Bozdağ, üçüncü kez üniversiteyle ilişiğinin kesilmesini de yargıya taşımış durumda. Danıştay 8. Daire’de görülen davanın sonuçlanmasını beklediğini söyleyen Bozdağ, “Bu süreçte çok yoğun bir psikolojik baskı altında kaldım. Okula her dönüşümde hakkımda bir dedikodu çıkarıldı. ‘Komünist hoca yine dönmüş, ama yakında gider’ dendi. Politik kimliğimle öğrencilerin gözünde itibarsızlaştırılmak istendim” diye konuştu.

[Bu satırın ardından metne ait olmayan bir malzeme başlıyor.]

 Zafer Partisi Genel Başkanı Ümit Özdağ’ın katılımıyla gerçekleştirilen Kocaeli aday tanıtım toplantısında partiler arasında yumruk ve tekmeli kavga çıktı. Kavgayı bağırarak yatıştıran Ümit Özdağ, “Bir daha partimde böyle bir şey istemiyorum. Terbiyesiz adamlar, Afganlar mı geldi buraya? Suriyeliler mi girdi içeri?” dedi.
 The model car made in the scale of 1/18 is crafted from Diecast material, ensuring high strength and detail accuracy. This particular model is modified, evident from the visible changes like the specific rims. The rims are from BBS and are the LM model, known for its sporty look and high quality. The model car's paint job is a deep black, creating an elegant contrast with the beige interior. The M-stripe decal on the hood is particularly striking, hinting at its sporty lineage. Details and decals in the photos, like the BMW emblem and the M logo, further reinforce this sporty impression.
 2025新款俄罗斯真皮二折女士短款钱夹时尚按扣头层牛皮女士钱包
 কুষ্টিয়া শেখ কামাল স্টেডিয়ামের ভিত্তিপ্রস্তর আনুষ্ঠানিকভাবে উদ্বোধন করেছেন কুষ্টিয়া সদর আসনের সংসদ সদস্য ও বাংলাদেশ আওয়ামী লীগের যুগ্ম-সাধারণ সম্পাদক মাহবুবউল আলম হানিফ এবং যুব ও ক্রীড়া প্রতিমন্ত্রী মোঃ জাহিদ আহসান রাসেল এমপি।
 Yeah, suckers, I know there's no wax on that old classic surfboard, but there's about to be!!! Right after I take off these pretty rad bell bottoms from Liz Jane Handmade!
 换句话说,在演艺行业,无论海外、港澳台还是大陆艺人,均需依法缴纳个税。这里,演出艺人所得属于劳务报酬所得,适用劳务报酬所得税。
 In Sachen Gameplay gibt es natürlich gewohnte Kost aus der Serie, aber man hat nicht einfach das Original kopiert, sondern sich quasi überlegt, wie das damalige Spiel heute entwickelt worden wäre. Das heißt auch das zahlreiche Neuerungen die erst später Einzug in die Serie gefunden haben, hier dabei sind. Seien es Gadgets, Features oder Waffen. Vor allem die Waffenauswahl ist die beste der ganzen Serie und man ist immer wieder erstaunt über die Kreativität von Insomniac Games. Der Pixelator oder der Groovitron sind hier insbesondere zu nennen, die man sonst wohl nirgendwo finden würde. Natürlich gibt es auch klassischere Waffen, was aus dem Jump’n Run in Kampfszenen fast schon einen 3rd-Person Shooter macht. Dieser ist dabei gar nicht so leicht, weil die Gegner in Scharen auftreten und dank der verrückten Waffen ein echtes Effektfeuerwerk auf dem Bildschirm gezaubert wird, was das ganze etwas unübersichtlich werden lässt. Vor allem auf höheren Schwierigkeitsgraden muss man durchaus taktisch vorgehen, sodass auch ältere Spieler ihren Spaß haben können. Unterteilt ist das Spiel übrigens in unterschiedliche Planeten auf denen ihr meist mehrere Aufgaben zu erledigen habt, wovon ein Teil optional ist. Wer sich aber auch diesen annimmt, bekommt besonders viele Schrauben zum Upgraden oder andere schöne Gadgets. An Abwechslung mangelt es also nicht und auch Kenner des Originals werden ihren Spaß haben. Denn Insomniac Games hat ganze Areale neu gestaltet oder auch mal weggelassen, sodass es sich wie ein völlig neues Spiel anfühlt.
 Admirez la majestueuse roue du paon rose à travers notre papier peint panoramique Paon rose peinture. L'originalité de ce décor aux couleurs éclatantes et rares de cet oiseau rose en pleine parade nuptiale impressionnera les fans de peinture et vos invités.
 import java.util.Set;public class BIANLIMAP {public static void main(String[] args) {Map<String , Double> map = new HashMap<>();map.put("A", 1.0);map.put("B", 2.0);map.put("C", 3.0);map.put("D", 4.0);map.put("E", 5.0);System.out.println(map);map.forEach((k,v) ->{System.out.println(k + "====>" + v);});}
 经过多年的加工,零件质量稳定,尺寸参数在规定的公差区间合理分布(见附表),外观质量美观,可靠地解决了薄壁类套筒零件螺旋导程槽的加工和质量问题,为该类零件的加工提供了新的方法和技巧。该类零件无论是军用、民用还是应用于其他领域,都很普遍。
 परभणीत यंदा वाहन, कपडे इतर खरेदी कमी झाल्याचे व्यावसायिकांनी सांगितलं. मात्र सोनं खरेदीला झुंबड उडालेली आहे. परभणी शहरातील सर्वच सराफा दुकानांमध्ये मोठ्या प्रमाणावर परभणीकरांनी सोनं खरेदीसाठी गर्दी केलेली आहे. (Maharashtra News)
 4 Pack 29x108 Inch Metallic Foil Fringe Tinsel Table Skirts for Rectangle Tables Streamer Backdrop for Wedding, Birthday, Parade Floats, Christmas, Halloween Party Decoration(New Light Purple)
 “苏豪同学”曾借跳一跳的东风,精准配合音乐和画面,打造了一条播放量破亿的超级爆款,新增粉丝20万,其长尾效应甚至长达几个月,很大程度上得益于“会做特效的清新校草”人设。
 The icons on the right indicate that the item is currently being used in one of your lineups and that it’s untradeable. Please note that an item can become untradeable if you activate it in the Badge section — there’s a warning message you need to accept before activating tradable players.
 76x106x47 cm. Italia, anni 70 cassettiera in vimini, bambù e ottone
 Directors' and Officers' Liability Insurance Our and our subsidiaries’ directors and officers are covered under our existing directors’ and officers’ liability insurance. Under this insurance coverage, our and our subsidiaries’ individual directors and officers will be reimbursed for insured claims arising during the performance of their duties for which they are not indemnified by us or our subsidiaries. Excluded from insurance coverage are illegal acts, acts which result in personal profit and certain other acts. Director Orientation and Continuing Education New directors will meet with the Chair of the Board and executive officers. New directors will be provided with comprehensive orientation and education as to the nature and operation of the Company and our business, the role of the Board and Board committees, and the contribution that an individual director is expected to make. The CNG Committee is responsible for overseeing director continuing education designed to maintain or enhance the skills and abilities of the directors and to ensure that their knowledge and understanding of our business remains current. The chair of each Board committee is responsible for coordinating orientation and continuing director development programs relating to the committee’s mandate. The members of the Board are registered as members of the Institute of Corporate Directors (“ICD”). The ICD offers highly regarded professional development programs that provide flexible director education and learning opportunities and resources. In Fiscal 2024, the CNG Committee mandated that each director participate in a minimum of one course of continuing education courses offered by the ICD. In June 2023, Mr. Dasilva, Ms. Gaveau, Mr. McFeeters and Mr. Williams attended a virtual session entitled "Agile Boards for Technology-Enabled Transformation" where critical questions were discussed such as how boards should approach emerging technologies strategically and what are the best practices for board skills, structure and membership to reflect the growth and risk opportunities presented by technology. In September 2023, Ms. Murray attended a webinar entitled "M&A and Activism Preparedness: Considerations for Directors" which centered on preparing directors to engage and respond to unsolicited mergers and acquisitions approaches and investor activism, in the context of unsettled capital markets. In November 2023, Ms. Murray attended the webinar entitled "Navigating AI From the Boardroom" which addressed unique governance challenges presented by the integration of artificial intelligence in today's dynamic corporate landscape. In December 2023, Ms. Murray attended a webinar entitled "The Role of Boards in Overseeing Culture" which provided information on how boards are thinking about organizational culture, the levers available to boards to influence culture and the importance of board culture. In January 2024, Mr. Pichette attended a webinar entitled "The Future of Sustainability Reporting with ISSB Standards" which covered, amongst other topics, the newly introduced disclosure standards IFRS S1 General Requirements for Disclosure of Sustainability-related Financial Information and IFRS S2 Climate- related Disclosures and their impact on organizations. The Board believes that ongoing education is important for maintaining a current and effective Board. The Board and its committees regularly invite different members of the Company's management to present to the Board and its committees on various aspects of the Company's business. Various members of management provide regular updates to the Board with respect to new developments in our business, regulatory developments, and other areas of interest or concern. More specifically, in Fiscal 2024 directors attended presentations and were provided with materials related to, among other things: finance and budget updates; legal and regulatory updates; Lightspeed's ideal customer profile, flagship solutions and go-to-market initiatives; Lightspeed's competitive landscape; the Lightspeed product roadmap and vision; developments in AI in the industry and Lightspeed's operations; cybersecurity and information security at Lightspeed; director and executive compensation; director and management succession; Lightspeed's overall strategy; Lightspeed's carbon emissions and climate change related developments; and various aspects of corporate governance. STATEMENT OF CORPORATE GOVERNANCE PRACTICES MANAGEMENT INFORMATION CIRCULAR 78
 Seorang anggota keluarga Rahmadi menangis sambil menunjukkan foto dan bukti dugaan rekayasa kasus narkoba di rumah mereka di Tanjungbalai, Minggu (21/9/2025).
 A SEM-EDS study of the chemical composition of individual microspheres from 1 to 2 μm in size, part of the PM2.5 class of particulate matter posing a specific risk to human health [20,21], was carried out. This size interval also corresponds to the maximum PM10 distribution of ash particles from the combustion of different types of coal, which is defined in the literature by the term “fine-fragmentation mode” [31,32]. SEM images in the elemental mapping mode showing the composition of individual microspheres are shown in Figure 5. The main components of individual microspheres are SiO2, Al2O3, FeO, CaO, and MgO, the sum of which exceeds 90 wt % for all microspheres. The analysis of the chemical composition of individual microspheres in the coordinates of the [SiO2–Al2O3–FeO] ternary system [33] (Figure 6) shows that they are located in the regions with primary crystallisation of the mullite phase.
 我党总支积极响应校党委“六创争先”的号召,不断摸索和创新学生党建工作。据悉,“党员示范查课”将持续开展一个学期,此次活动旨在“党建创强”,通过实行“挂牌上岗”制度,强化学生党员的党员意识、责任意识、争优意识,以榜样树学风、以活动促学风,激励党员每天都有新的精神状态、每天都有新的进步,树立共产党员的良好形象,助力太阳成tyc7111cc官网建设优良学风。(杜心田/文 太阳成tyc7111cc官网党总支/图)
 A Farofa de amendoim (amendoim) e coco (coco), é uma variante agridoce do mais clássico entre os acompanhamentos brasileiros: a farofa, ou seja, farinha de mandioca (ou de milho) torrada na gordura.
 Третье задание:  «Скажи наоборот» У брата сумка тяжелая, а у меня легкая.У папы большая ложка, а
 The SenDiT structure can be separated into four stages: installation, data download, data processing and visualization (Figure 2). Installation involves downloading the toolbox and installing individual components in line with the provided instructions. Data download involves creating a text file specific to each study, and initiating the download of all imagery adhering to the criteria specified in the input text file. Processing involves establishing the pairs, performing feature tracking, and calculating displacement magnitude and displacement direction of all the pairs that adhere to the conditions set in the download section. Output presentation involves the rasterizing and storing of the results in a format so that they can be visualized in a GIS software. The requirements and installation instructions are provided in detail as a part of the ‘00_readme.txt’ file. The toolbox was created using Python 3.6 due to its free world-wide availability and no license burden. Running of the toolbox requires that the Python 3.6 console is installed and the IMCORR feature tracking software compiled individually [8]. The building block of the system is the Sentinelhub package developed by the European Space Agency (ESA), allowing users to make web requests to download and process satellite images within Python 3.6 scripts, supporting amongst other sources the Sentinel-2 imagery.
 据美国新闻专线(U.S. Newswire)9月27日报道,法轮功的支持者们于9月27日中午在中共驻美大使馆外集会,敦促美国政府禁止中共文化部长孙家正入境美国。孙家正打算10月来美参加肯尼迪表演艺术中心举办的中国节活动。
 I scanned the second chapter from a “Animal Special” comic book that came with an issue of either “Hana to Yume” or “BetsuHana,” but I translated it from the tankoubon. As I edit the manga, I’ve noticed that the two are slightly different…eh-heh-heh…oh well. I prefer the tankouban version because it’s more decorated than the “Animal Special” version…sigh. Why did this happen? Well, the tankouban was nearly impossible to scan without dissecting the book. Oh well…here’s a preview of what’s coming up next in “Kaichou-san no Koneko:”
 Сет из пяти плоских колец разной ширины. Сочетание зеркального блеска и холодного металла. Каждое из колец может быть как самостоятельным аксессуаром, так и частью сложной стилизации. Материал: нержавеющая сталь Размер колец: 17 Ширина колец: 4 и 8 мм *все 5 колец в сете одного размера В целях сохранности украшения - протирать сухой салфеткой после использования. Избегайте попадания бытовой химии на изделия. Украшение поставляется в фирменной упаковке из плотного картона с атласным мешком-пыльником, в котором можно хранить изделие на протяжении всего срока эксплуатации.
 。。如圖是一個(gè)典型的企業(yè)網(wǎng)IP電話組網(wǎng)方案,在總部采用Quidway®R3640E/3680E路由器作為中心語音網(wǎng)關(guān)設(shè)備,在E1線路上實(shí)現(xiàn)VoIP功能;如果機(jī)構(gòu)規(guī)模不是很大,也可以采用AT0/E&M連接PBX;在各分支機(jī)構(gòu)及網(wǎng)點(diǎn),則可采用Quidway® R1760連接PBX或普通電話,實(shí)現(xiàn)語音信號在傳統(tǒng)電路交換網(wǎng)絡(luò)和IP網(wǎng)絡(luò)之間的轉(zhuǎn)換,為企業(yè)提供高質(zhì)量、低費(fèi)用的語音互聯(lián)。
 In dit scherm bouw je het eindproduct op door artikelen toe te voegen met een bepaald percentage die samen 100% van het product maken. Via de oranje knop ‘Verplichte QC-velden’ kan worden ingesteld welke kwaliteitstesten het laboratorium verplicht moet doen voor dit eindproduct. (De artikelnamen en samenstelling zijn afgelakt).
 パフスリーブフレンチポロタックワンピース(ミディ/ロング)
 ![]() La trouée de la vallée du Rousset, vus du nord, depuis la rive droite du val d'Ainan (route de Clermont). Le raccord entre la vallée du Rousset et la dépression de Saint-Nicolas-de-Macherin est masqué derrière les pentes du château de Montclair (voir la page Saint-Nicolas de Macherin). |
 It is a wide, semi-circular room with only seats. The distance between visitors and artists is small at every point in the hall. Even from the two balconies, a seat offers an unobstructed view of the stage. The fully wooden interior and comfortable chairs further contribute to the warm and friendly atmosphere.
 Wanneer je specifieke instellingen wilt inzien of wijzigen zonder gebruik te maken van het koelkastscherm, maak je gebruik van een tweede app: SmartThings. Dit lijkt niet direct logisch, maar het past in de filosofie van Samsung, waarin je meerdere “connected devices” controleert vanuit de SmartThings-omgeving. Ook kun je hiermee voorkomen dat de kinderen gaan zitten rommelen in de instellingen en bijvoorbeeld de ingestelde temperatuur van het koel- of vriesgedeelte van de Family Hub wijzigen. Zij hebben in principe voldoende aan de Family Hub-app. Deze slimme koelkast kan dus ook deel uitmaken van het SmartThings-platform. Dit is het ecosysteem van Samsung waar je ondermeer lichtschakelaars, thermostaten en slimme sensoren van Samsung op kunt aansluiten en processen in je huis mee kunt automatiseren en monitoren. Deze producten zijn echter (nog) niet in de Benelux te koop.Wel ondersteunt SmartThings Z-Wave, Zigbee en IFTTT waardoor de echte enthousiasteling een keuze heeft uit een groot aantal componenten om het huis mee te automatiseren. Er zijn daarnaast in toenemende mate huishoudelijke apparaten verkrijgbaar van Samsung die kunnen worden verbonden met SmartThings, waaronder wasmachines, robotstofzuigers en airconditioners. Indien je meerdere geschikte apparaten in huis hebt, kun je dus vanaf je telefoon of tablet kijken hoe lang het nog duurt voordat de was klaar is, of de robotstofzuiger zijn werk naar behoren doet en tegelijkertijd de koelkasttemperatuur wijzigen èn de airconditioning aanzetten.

Konuyla ilgili ulaştığımız MÜ Eğitim Fakültesi Dekanı Prof. Dr. Mustafa Volkan Coşkun ise“Yakın bir zamanda bu göreve atandığım için konuyla ilgili objektif bir bilgi veremem. Süreci bilmiyorum. Açıkçası bu konu hakkında hiçbir bilgiye sahip değilim.”
Şahinkaya ve Evren’in davası bugün
12 Eylül askeri darbesine ilişkin, dönemin Genelkurmay Başkanı Kenan Evren ile dönemin Hava Kuvvetleri Komutanı emekli orgeneral Tahsin Şahinkaya ’nın yargılandığı davanın 5. duruşması bugün saat 09.45’te başlayacak. Ankara 12. Ağır Ceza’daki son duruşmada, Evren ve Şahinkaya’nın duruşmaya gelip gelemeyecekleri konusunda, sağlık durumlarının belirlenmesi için Adli Tıp’a yazı yazılmasına karar verilmişti.
Eski dekan: İddiayı kabul etmiyorum
MÜ Eğitim Fakültesi’nin eski dekanı, Prof. Dr. Şule Aycan: ”Ben 60 yaşını geçmiş bir insanım. 12 yıl dekanlık yaptım ve Lütfiye Bozdağ’ın Kenan Evren ’i protesto ettiği gerekçesiyle üniversiteden uzaklaştırıldığı iddiasını kesinlikle kabul etmiyorum. Herkesin demokratik haklarına saygı duyuyorum.
Kenan Evren ’le ilgili protestolarla ilgili bir soruşturma da açılmadı. Bozdağ’ın üniversiteyle ilişiğinin kesilmesinin nedeni derslere girmemesi, jüri raporlarının olumsuz olması ve kişiler arasında sürtüşme yaratmasıdır. Sonuçta biz raporumuzu sunarız ve bunun nihai kararını da rektörlük verir. Hiç kimse, kimseyi ekmeğinden etmek istemez. Fakat işini yapmayan, bilimsel bir üretimde bulunmayan kişilerle üniversitenin gelişmesi de mümkün değil.”